Information about this music video:

Duration:
6m 44s
Title on Youtube:
Beatrice di Tenda (Opera) by Vincenzo Bellini
Description on Youtube:
Dynamic is featuring a new recording dedicated to the Italian composer Vincenzo Bellini: Beatrice di Tenda.The performance has been conducted by Antonio Pirolli and the stage has been directed by Henning Hermmann Brockhaus. Dimitra Theodossiou (Beatrice), Michele Kalmandi (Filippo Maria Visconti), JoséMaria Lo Monaco ( Agnese del Maino), Alejandro Roy (Orombello), Michele Mauro (Anichino) and Alfio Marletta (Rizzardo del Maino).
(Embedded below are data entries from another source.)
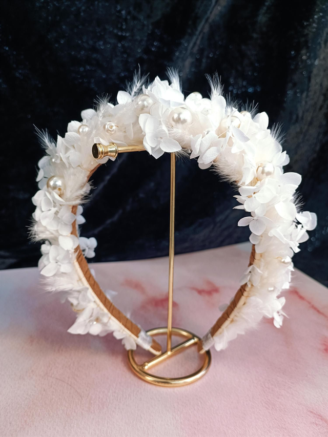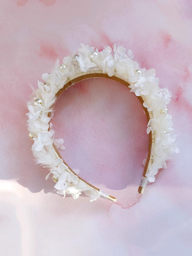 Serre-tête de mariage alliant la délicatesse des perles à l’authenticité des fleurs séchées, pour une touche naturelle et élégante le jour de votre mariage.
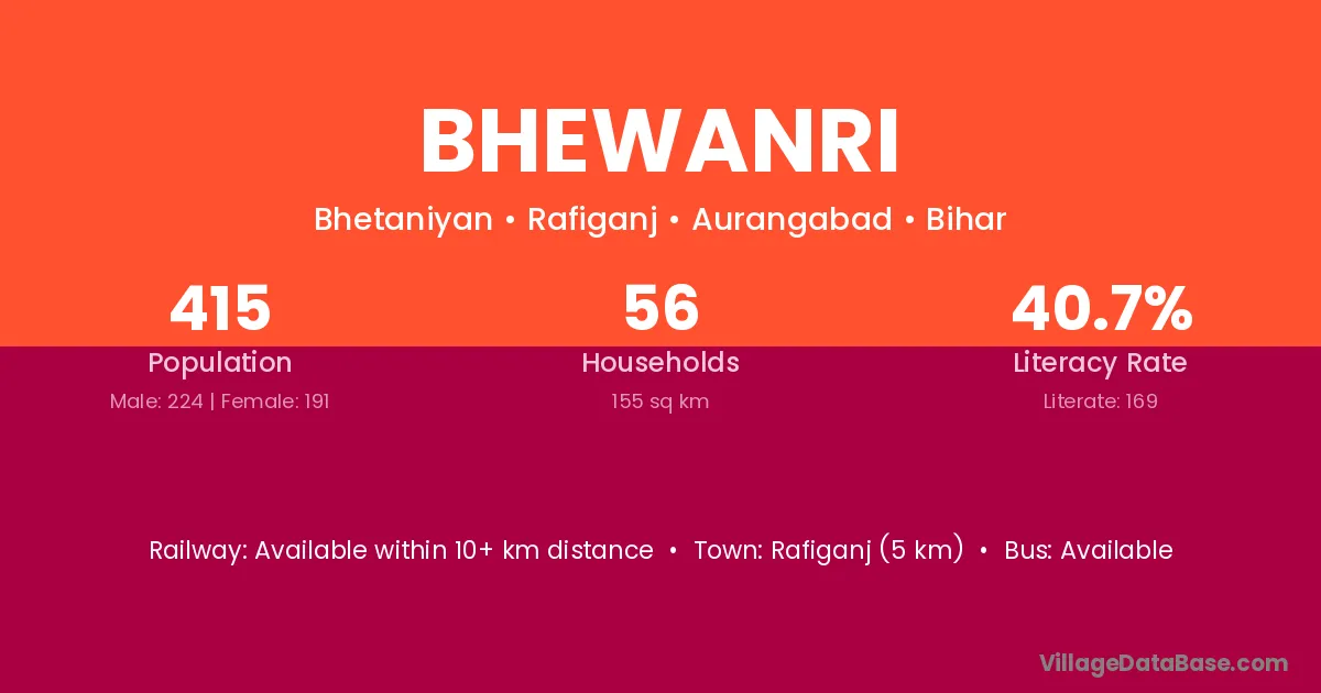 Bhewanri village has a total population of 415 people, of which 224 are males and 191 are females.
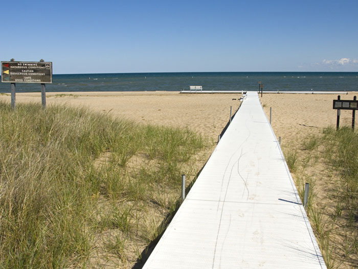 Off-leash dogs are welcome on the trails and the section of shoreline on Tawas Bay between the campground and the lighthouse, enclosed by fencing. Tawas Point has been referred to as the "Cape Cod of the Midwest." The campground is located on Tawas Bay where the water is shallow and warm for swimming. In the park is the Tawas Point Lighthouse which serves as the sole representative of a true Victorian-era style station on the Great Lakes. Dogs are not permitted in buildings or in swimming areas.
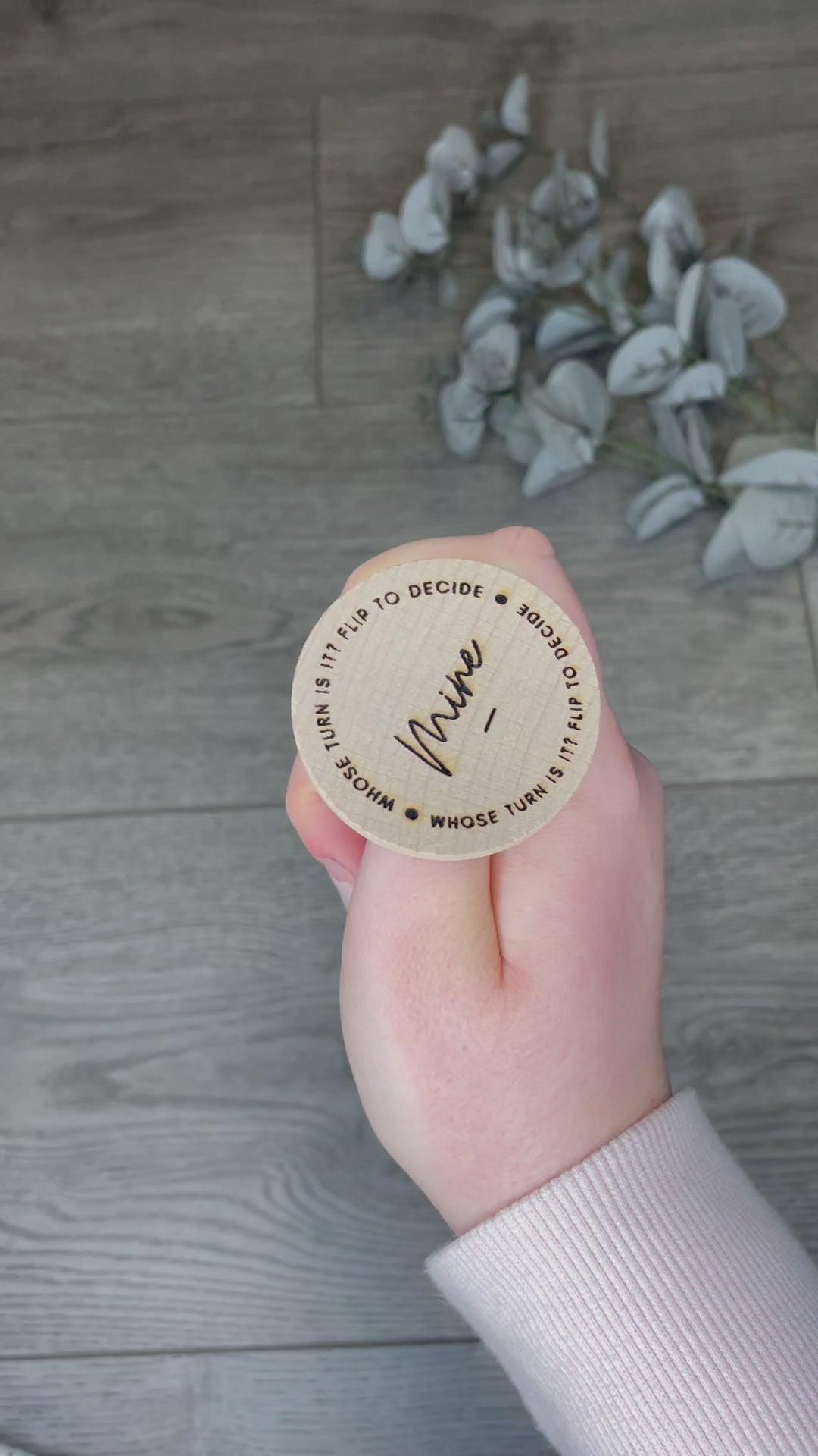 Decision Coin | Whose Turn Is It? | Flip to Decide Coin | Wooden | Couples Gift | Novelty | Funny | Valentine's Present | Anniversary
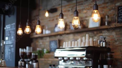 18. Cafe interior featuring soft ambient lighting with industrial fixtures
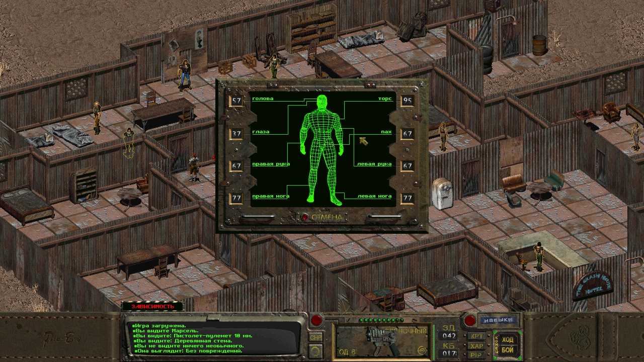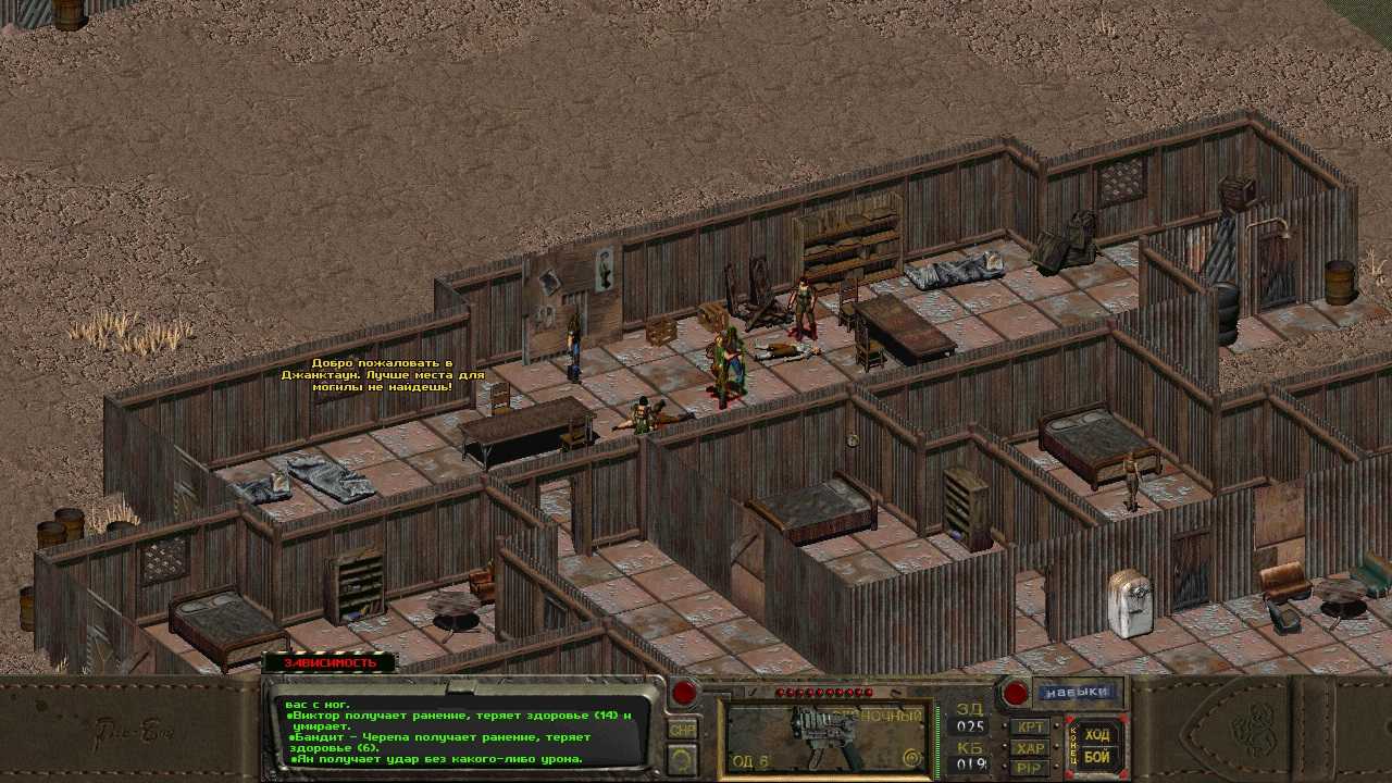 В отличие от многих других игр схожего класса, в Fallout 1 довольно забавно реализована боевка. Если в обычном «не боевом» режиме игра течет в реальном времени, то вот с переключением на бой включается пошаговый режим.
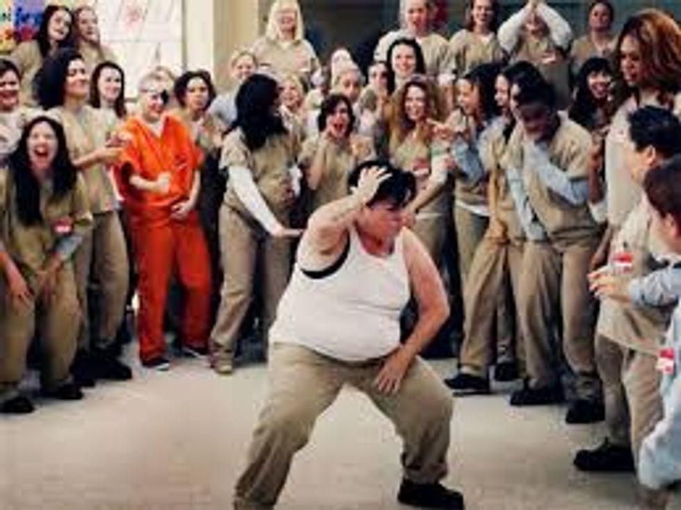 Polaroids taken at the door, inmates must wear orange and have at least one tattoo.
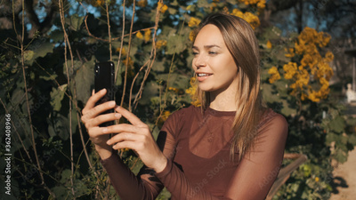 Attractive stylish girl happily talking with friends on video chat while walking along park. Pretty girl using phone outdoor
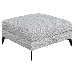 Function and fashion mix with a delightful result in this modern storage ottoman. Brighten a sofa set or sectional with a square ottoman adding plenty of surface and storage space. Covered in fabric with a compelling geometric design, its gray-centered palette blends with a mix of pieces in a living room or bedroom. A fully enchased engineered wood frame with stylish black metal legs and a black lined interior adds a tasteful angle, while a looped handle easily lifts its upholstered top. Use this storage ottoman as a footrest or for extra seating.
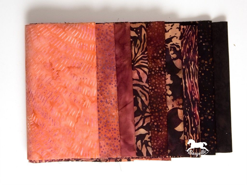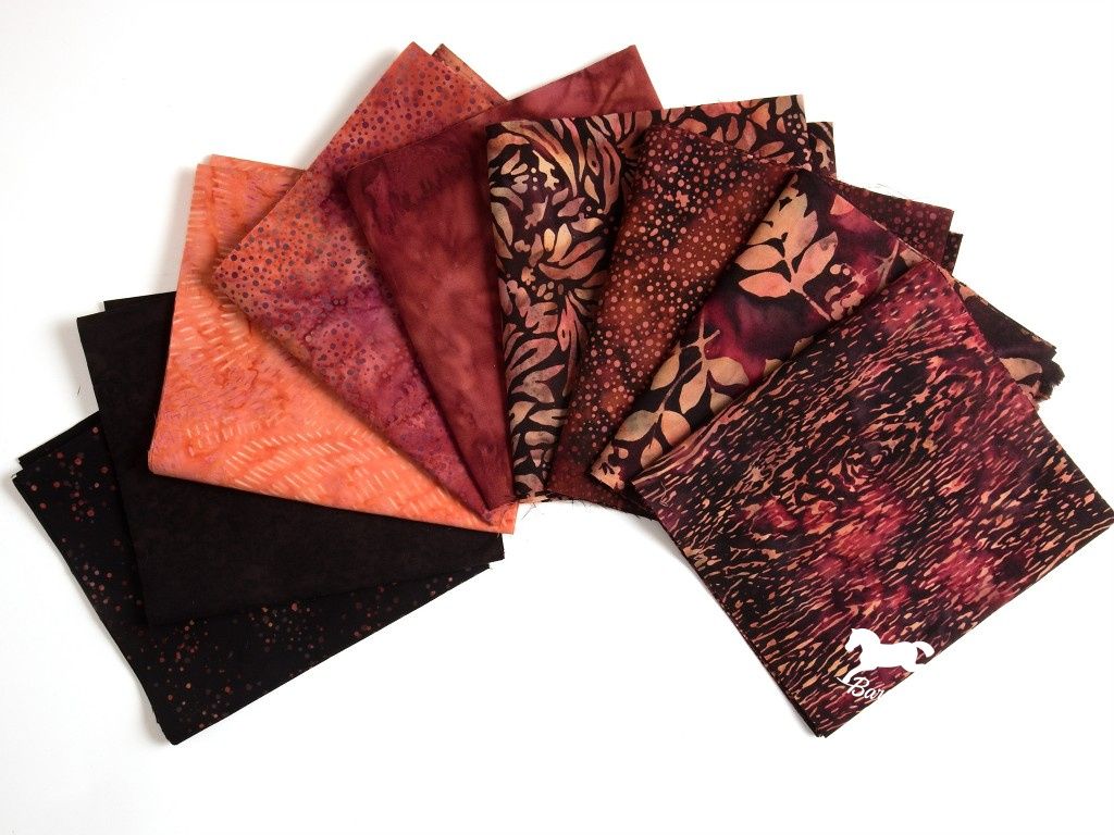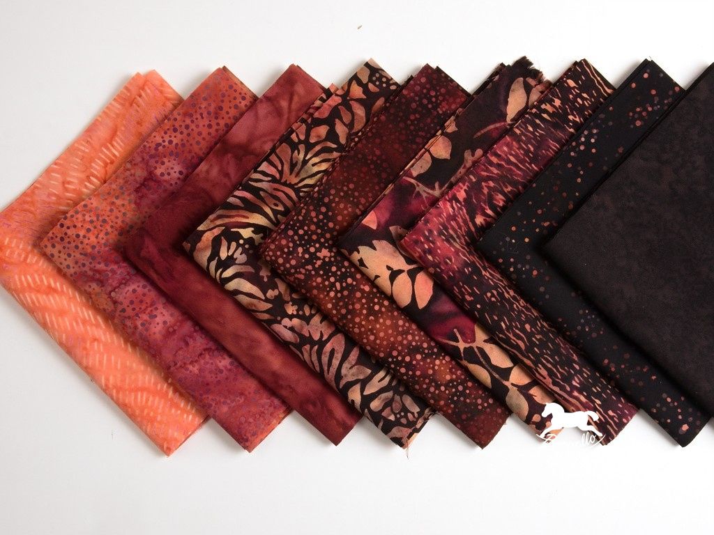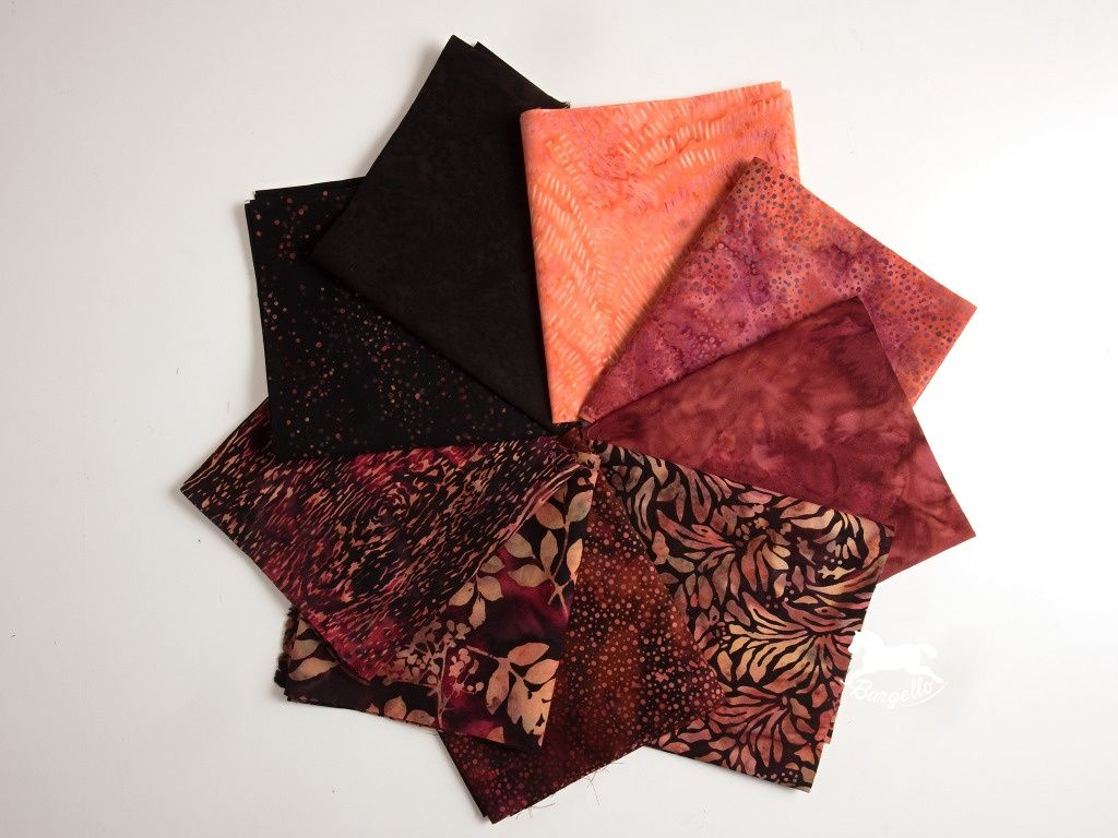 Látky pocházejí z kolekcí Bali Dots a Bali Handpaints od renomované značky Hoffman, která je známá precizní ruční batikou a bohatými, sytými barvami.
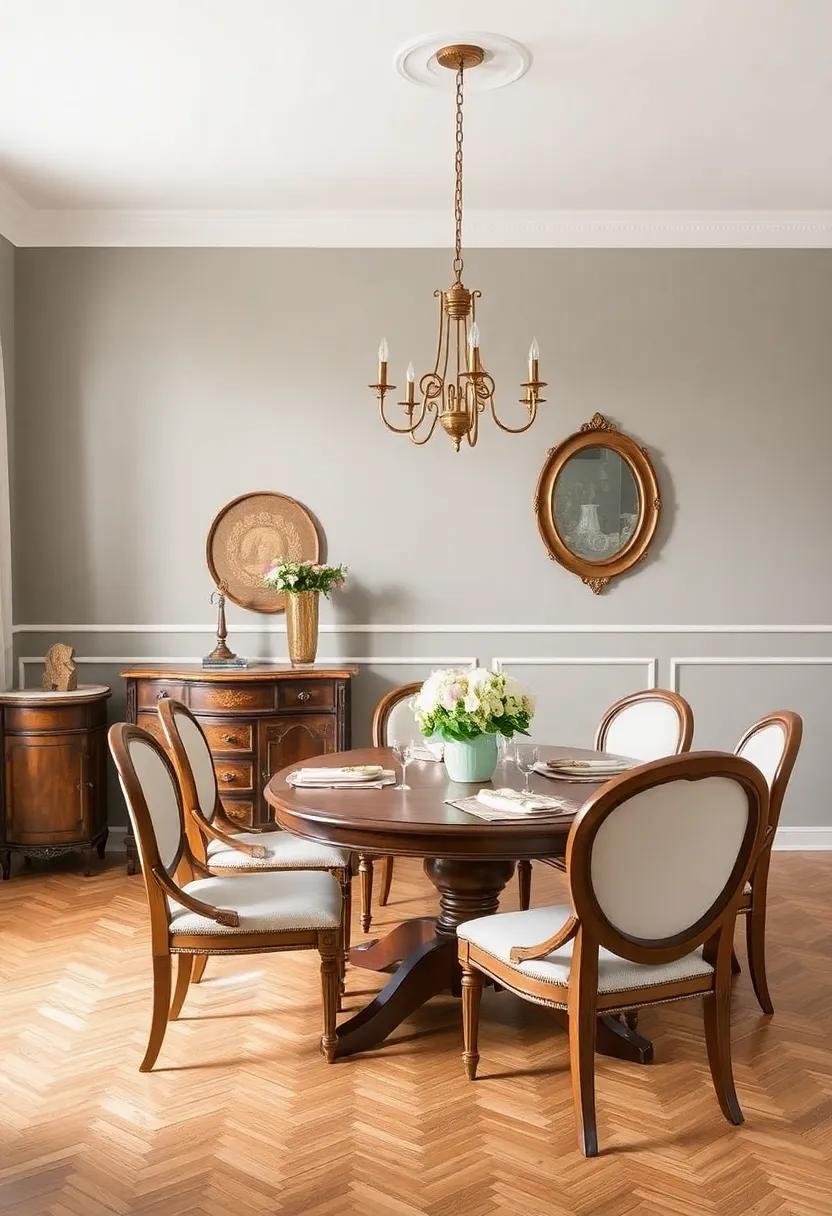 Vintage Elegance: Curate an array of antique furnishings and ornate accents that tell a story, creating a dining space filled with character and nostalgic charm
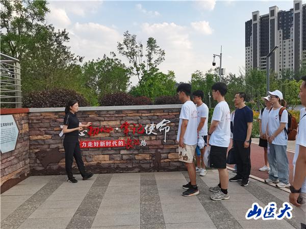 6月26日上午,实践队前往清徐县红色教育基地——城北体育公园参观。通过工作人员的讲解,队员们再次重温了从五四运动以来中国共产党的发展历程,感悟百年来中国人民在艰苦奋斗中积攒的众多宝贵精神财富,见证了中国共产党始终以人民为中心、为人民谋幸福、为民族谋复兴的初心和使命。
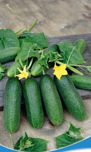 Раннеспелый, партенокарпический, пучковый гибрид женского типа цветения для открытого и закрытого грунта. Плоды цилиндрические, длиной 11-14 см, тёмно-зелёные, белошипые, крупнобугорчатые.Ценность: устойчивость к основным заболеваниям и хорошая адаптируемость к любым условиям выращивания, высокие вкусовые и товарные качества. Рекомендуется для употребления в свежем и консервированном виде...
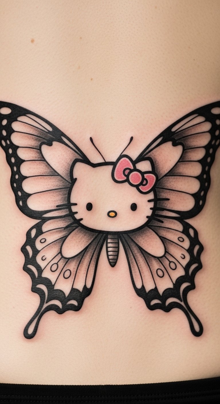 Add wings for freedom. Hello Kitty with butterfly includes fluttering shapes. Lower back for privacy. Draw butterflies on templates. Shop for $90. Use wing stamps. Customize the size. Use cream for healing. This design flies high.

Beatrice di Tenda is a tragic opera in two acts, from a libretto by Felice Romani. The opera is Bellini's penultimate opera, coming after Norma (1831) and before I puritani (1835). This is the story of Beatrice Lascaris di Tenda, the woman who was the widow of the condottiere Facino Cane and later the wife of Duke Filippo Maria Visconti, in 15th century Milan. Filippo has grown tired of his wife Beatrice; she regrets her impetuous marriage to him after her first husband's death, a marriage that has delivered her and her people into the Duke's tyrannical power. In Beatrice very diverse elements coexist: there are music patterns already experimented in Norma and used here to their utmost potential, side by side with new ways and techniques, which would be treasured by Verdi. Compare, in particular, Ernani's Filippo II and the dark and vacillating Filippo Maria Visconti tormented by remorse, ready to go back on his decision to condemn Beatrice, who once helped him, to death; or Eboli and the anguished Agnese; or Manrico in Verdi's Trovatore and Orombello at the end of Beatrice, locked in the tower's cell. One should also note that the concluding choruses anticipate some of Verdi's rhythmic patterns, "with a roughness, even, which up to then had been alien to Bellini" Self-quotes and approaches similar to ones already used by Bellini in earlier works are undoubtedly present but do not invalidate the final result, which, heterogeneous as it may be, is worthy both from the point of view of dramaturgy -- with characters and situations that are well drawn -- and of the music. The chorus plays an even more important part here than in Bellini's earlier operas, not only commenting on the action but advising and comforting the protagonists, in the true tradition of classical Greek drama.